Edward Durell Stone (March 9, 1902 – August 6, 1978) was an American architect known for the formal, highly decorative buildings he designed in the 1950s and 1960s. His works include the Museum of Modern Art, in New York City, the Museo de Arte de Ponce in Ponce, Puerto Rico, the United States Embassy in New Delhi, India, The Keller Center at the University of Chicago, and the John F. Kennedy Center for the Performing Arts in Washington, D.C.

Life and work
Stone was born and raised in Fayetteville, Arkansas. He attended the University of Arkansas, where he joined Sigma Nu Fraternity, Harvard and M.I.T., but did not earn a degree. In 1927 he won the Rotch Travelling Scholarship, which afforded him the opportunity to travel through Europe on a two-year stipend. Stone was impressed by the new architecture he observed in Europe, buildings designed in what would come to be known as the International Style. He returned to the United States in 1929 and took up residence in Manhattan. Hired by the architectural firm of Schultze and Weaver, he designed interiors for the new Waldorf-Astoria Hotel. He subsequently worked for the Associated Architects of Rockefeller Center and became the principal designer of Radio City Music Hall.
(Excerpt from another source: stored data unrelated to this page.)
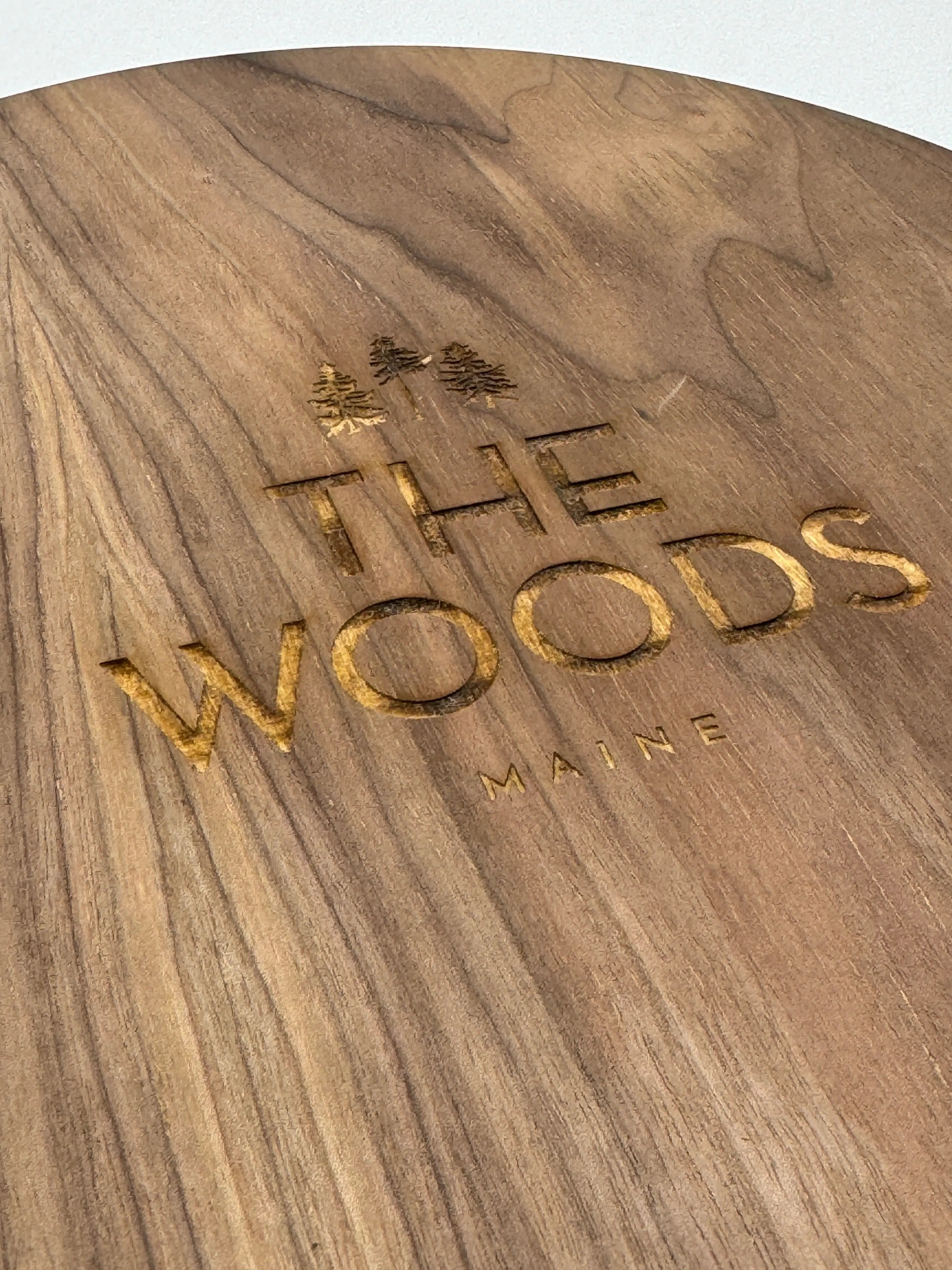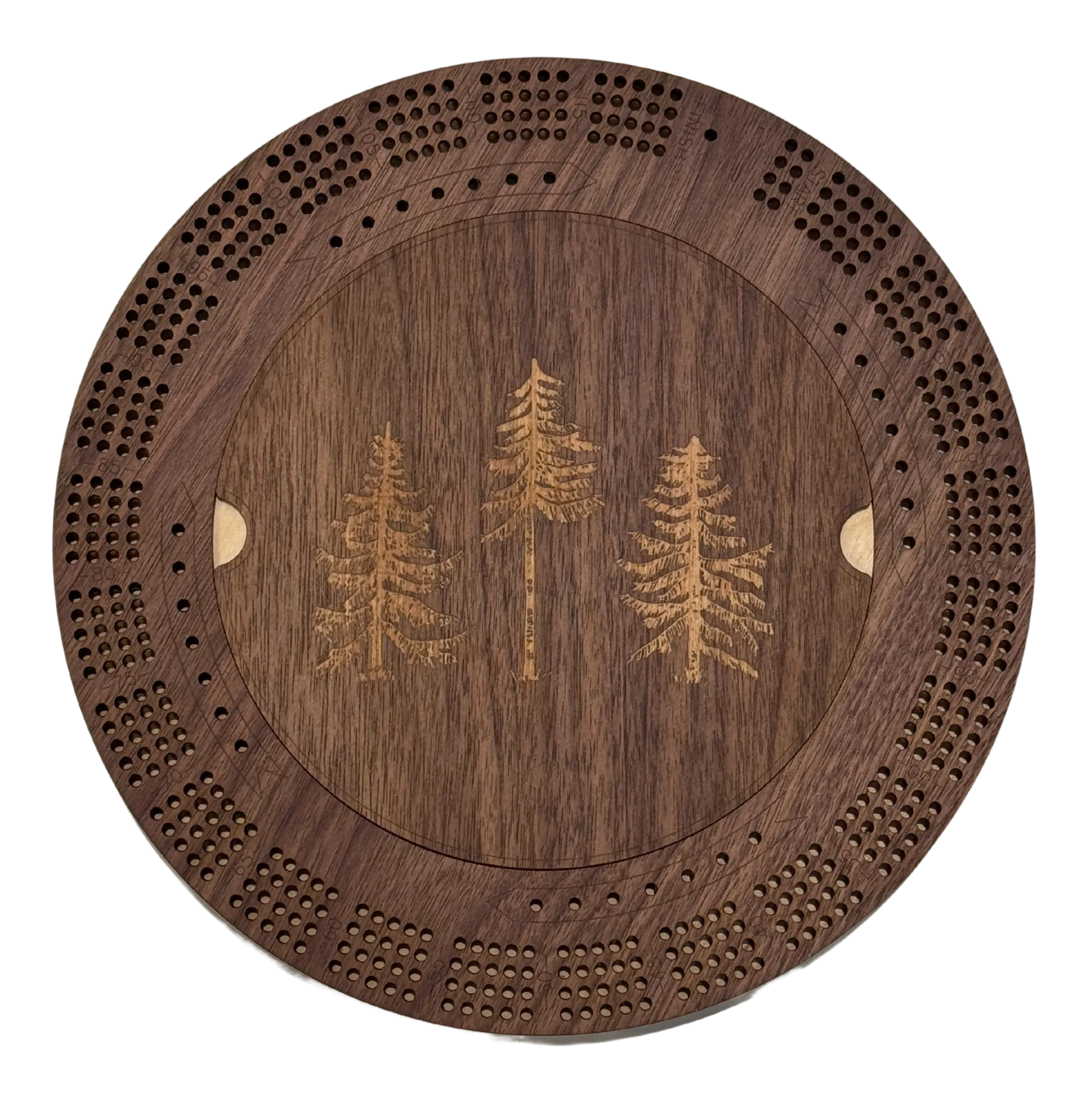 Handcrafted in Maine from premium black walnut and Baltic birch wood, this beautifully designed cribbage board features a sleek, circular shape, offering a fresh take on the classic game. Our distinct Three Pines® brandmark is etched on the front, and The Woods Maine® on the back.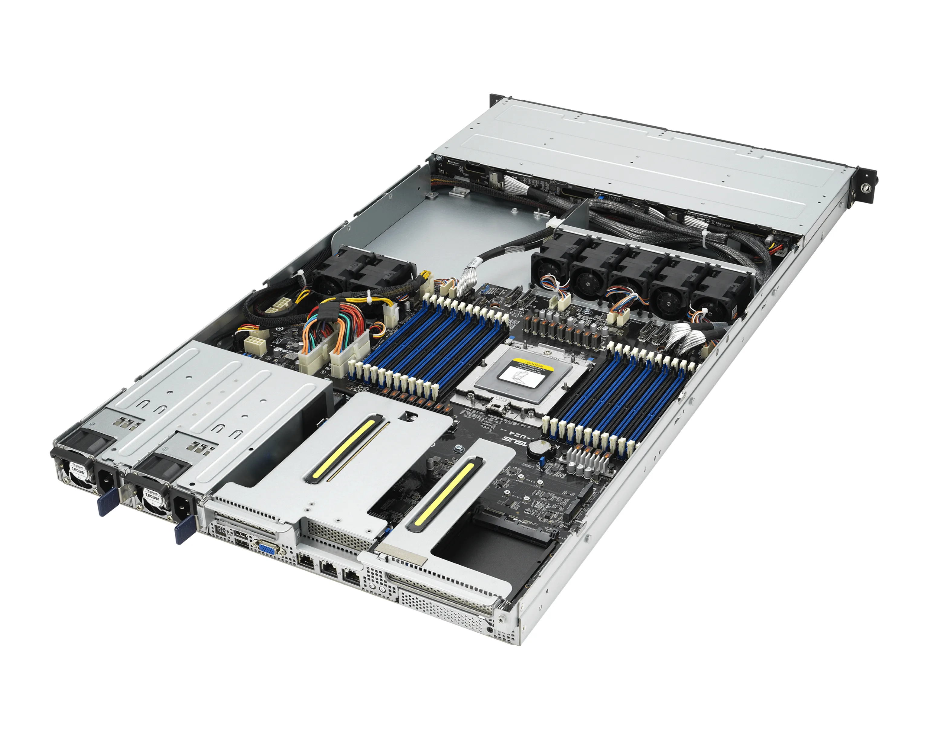 ASUS RS500A‑E12‑RS4U — это стоечный сервер формата 1U с одним процессором, предназначенный для задач хранения, вычислений, виртуализации и ускорения. Он обеспечивает поддержку до 24 слотов памяти DDR5, 4 hot‑swap NVMe / SATA / SAS дисков, расширение через PCIe Gen5 / OCP 3.0, возможность установки до двух однослотовых GPU и резервируемое питание. Это надёжное решение для инфраструктурных сред с ограниченным пространством.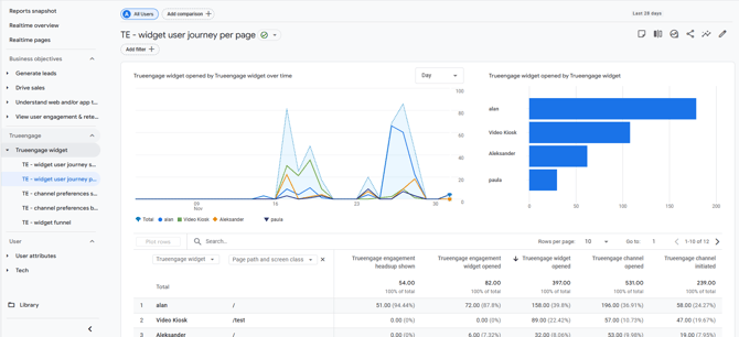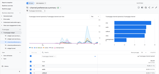 Below we present how using several GA4 report groups prepared for this integration help us understand the role of the widget. Starting with the widget user journey report group where we learn about widget usage. Then through channel preferences reports we observe visitors' preferences for selected channels. Finally, the widget funnel report presents widget usage from the customer's perspective.
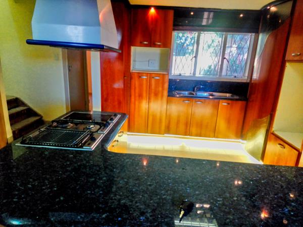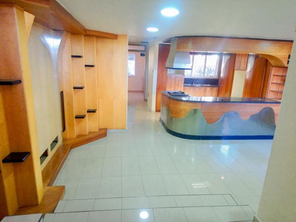 Enter into a TV lounge with a built-in display unit and peer in from the open plan, functional kitchen with entertaining and socializing at its core. A separate entertainment area with a full bar area flows through aluminium windows and doors onto the large covered balcony. The kitchen offers a stainless steel stove top and chimney style extractor. Extended on beyond the prep area is separate pantry, scullery kitchen and laundry area with more built-in cupboards. Upstairs boasts a family bathroom and toilet plus an en-suite in the extended master bedroom. Three generous size bedrooms all with modern built-in cupboards. The feature main bedroom opens up endless possibilities to customize, either as a fourth inter-leading bedroom, a nursery, a walking closet or dressing room which leads to the main bedroom with built-cupboards and a shower en-suite.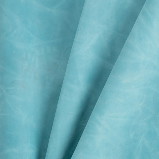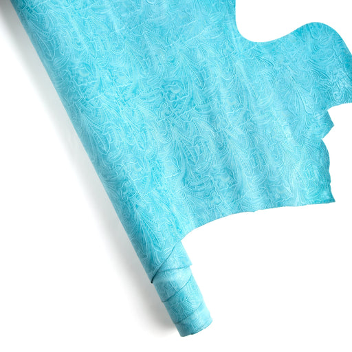 These cowhide sides are drum-dyed turquoise then embossed with a bronze metallic foil pattern. This medium soft leather is made from of American co...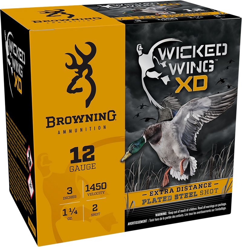 Browning Wicked Wing XD ammunition is a 12 gauge shotshell loaded with 1 1/4 oz of #2 steel shot, designed for waterfowl hunting at extended distances. The steel shot construction makes this round non-toxic and suitable for use in environmentally sensitive areas. Loaded to 1450 fps muzzle velocity, these shells deliver consistent performance for pass shooting and decoying applications.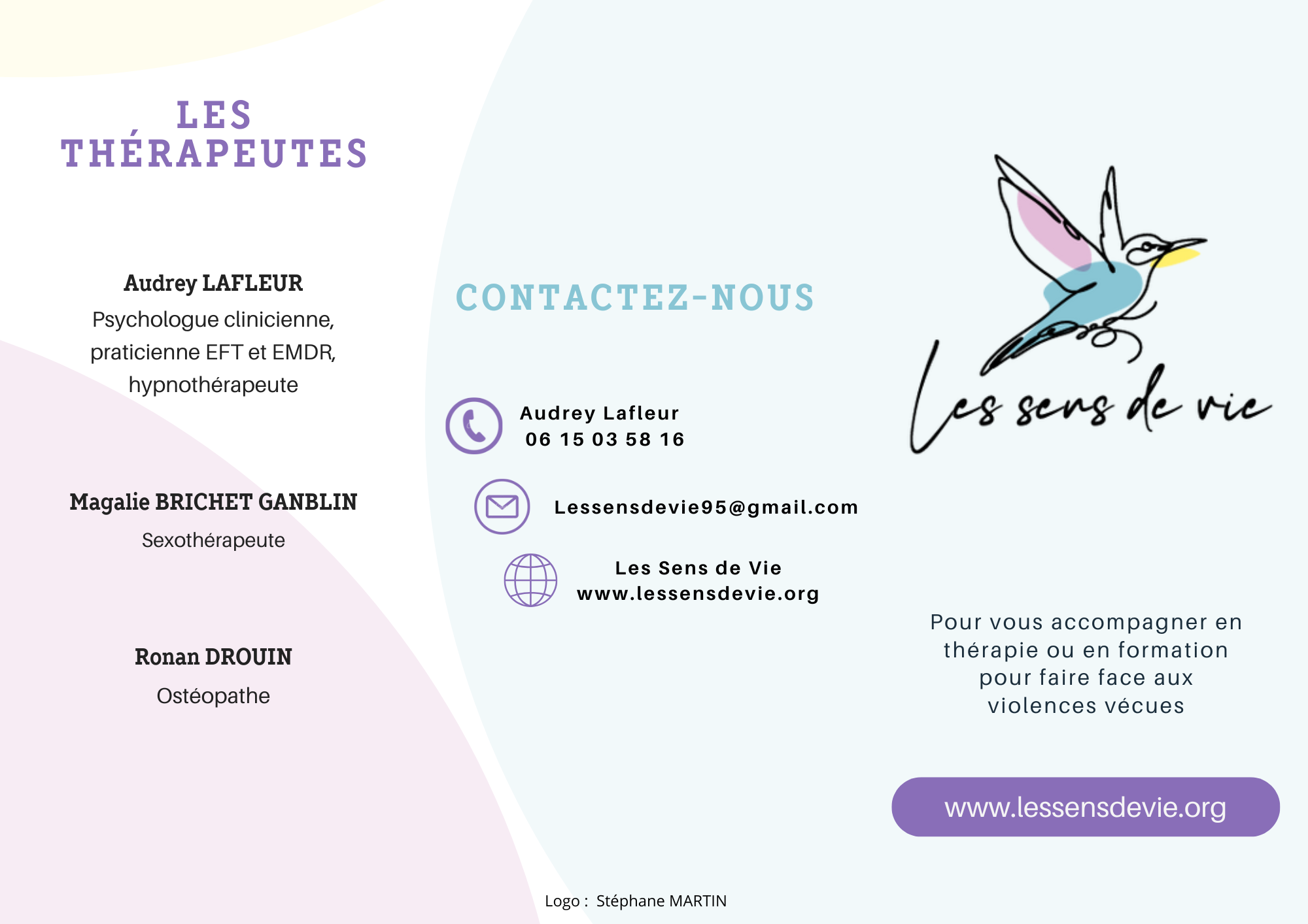 L’association Les Sens de vie a été créée pour que chaque victime reçue puisse retrouver la paix. Violenté.e.s, abîmé.e.s, détruit.e.s, elles vivent dans un corps et un mental qui souffrent.

Stone was an early advocate of the International Style. His first independent commission was the Richard H. Mandel House, in Mount Kisco, New York (1933). This was followed by the Ulrich Kowalski house, also in Mt. Kisco (1934), and the Albert C. Koch house in Cambridge, Massachusetts (1936). In 1936 Stone was chosen as associate architect for the new Museum of Modern Art in New York City, designed in collaboration with Philip L. Goodwin. Stone also designed a private residence for MoMA president Anson Conger Goodyear, the A. Conger Goodyear House, in Old Westbury, NY (1938). Both the Richard H. Mandel House and A. Conger Goodyear House are listed on the National Register of Historic Places.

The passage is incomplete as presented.